Metadata handling
abey79 opened this issue · 2 comments
I'm still in the process of sorting that out.
There are at least two design goals:
- The data structure should support the hierarchical nature of metadata, i.e. color is looked up for a path but not defined, the look-up should escalate to the layer, then to the document, then to default values.
- Cloning metadata should be cheap. For example, flattening a document should not copy all the metadata upon cloning, but only lazily upon mutation—if any.
Maybe a HashMap<_, Cow<_>>
? Or immutable data structure from the im
crate?
After thinking—and discussing—about this, I'm strongly leaning towards forgoing entirely a hierarchical metadata organisation:
I'm still trying to figure out a good strategy for metadata handling, and it occurs to me that there might actually be no benefit to vpype for metadata to be hierarchic.
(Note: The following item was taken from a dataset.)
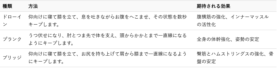 腰痛予防には、腰を安定させる体幹の筋肉を鍛えることが不可欠です。特別な器具がなくてもできる簡単なエクササイズから始めてみましょう。

In other word, what I'm considering is to have only path metadata, and skip trying to maintain layer- or/global-level metadata, and dealing with the related hierarchical relationship (e.g. if path X doesn't have stroke-weight but it's parent layer does, then it should inherit it's parent's stroke-weight).
Of course, reading SVG absolutely must handle attribute hierarchy properly, but then the resulting metadata can be entirely flattened into the paths. Likewise, exporting SVG should also try to extract common subsets of metadata within each layer so that the corresponding attributes are set at the layer/group level rather than in individual paths (in order to limit file size). Finally, some commands will definitely want to operate at the layer level (e.g. the current color --layer 3 red) . In such case, it will have to iterate over the layer's paths and set the metadata for each of them, and it's effect will not affect subsequently added paths (e.g. color red and line 0 0 10 20 would no longer be commutative as is currently the case—this could possibly be addressed by maintaining layer-level "default values").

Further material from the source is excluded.